Вот это я здесь понаписала.

            Звенящая тишина, витавшая в затхлом воздухе, была в высшей степени давящей и угнетающей, убивающей и разрушающей надежду и всякий намёк на счастливый исход. Здесь, в школе отчаянья, нет места мягкой, спасительной надежде, все уже давно это осознали. Попавших сюда не по своей воле учеников ждут лишь очередные разочарования и кровопролития. А те, кто сопротивлялись, в противном случае подвергались убийству или сходили с ума, думая, что могут построить счастливый мир, основываясь на собственных идеалах.

Тик — так — тик — так.

      Тиканье часов становилось всё громче, всё стремительнее, настойчивее, казалось, будто этот звук в конечном счёте пробьёт черепную коробку, противной трелью раскрошит мозг и внутренности, навсегда застрянет в голове, запомнится, как бесконечная череда мучений и какофония предательских криков души, когда каждый голос пытается перекричать другой.       Разочарованный подросток, нервно теребящий край своей белоснежной кофты, панически дышал, пытаясь успокоиться; его зрачки блестели животным безумием, а сам он произносил какие–то слова, которые, несмотря на полнейшую тишину, нарушаемую лишь неровным дыханием и тиканьем часов, было невозможно разобрать вследствие активного бормотания, и они больше походили на какой–то хаотичный бред.

Я закрываю глаза И верю, что ты здесь.

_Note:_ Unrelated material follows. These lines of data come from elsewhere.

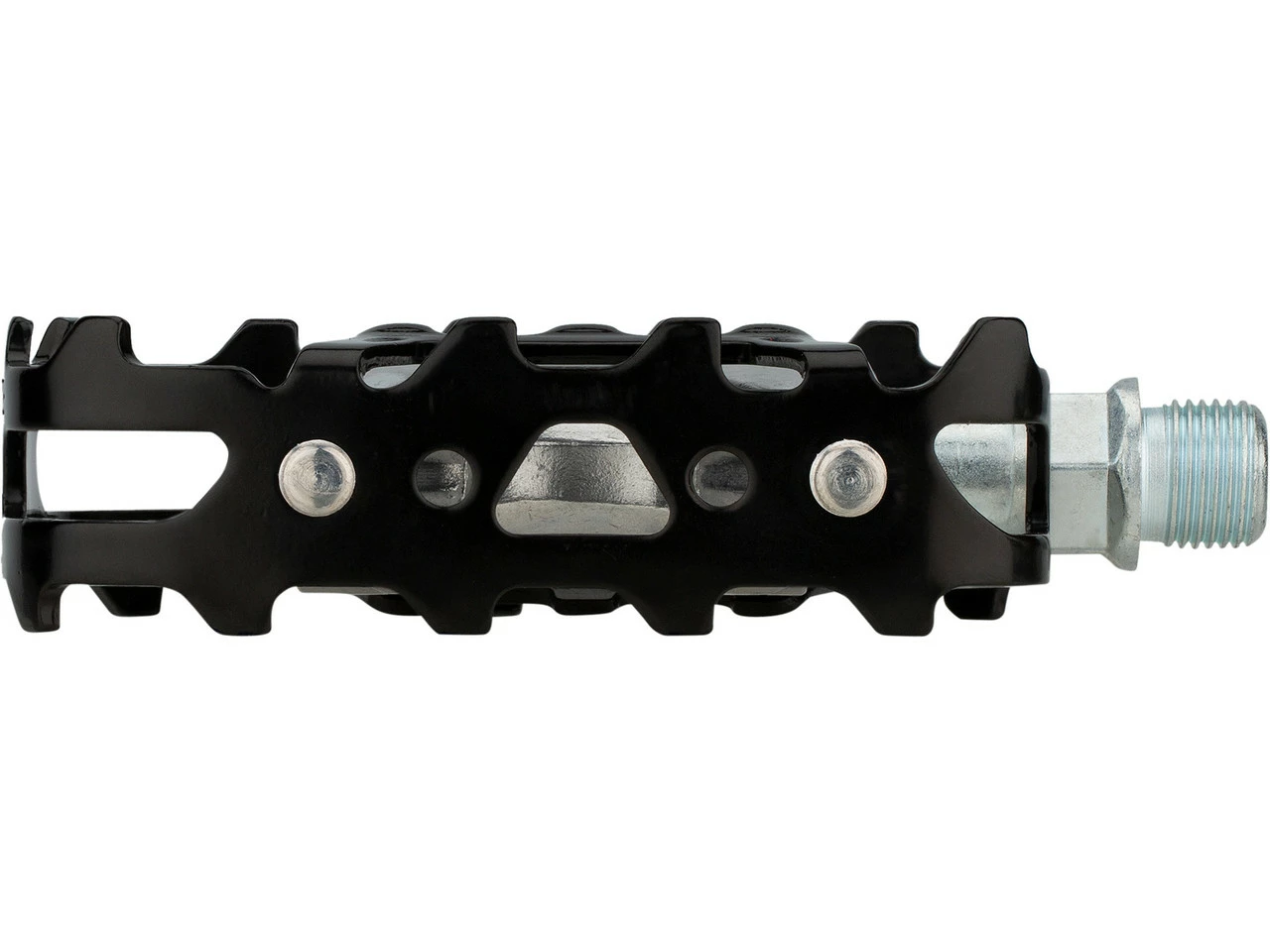 Die MT-LITE Plattformpedale von MKS sind mit einem besonders griffigen Käfig ausgestattet, der Deinen Schuhen selbst im Gelände besten Halt bietet – auch ohne die optional nachrüstbaren Pedalhaken.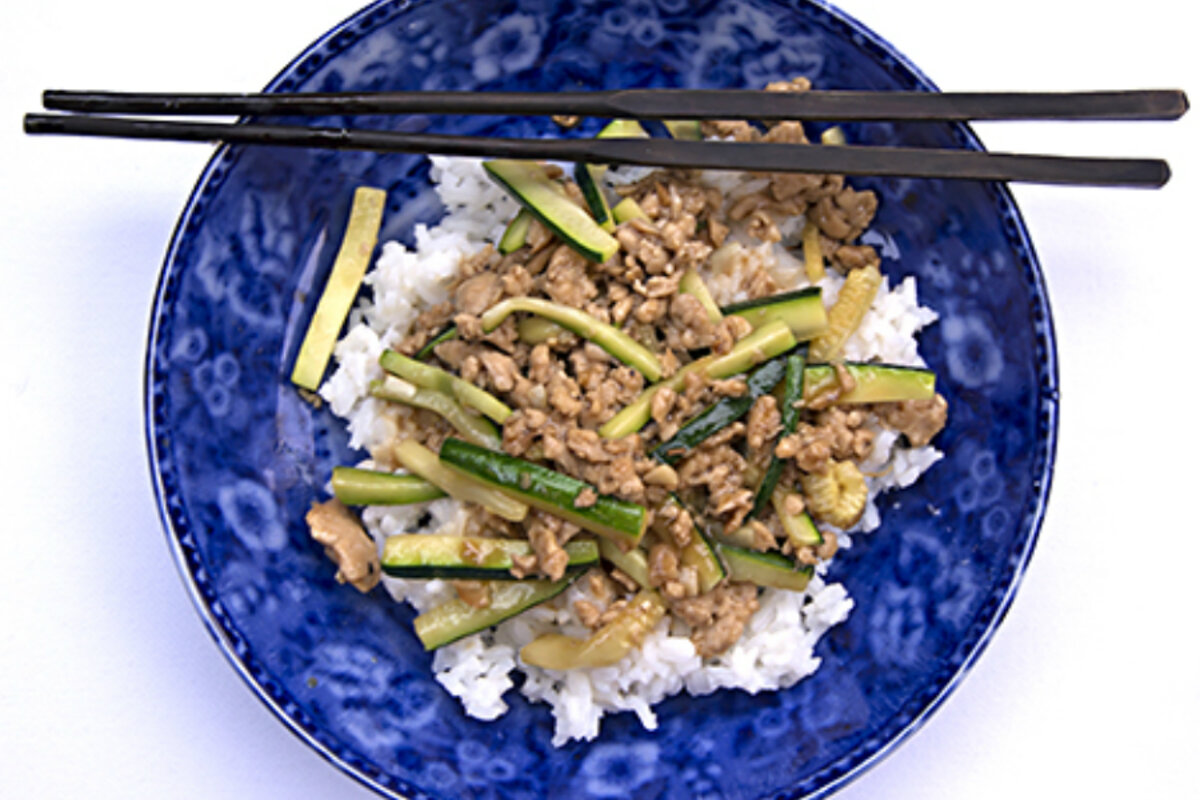 This quick weeknight recipe is inspired by Cantonese cooking, not by that summer of giant zucchini. It is super fast and delicious. It uses nice, dark green, little zucchini 鈥 about half a pound or so 鈥 cut into slender matchsticks. They will cook up a treat in no time and, because they are small and fine, will taste of the lovely summer garden, rather than of cardboard and vanity.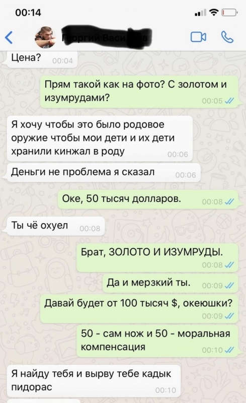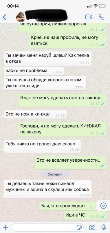 Мастер по изготовлению ножей попал на неадекватного клиента.

Я поступил неправильно. Пожалуйста, проясни это. Небеса упадут, Пока ты обнимаешь его. Кровь на наших руках. Мы одиноки. Моя ненависть необъятна, Его имена напрасно Разрушают, Бог Исцелит мою боль. Я закрываю глаза И верю, что ты здесь. Я поступил неправильно. Пожалуйста, проясни это. Небеса упадут, Пока ты обнимаешь его. Кровь на наших руках. Мы одиноки.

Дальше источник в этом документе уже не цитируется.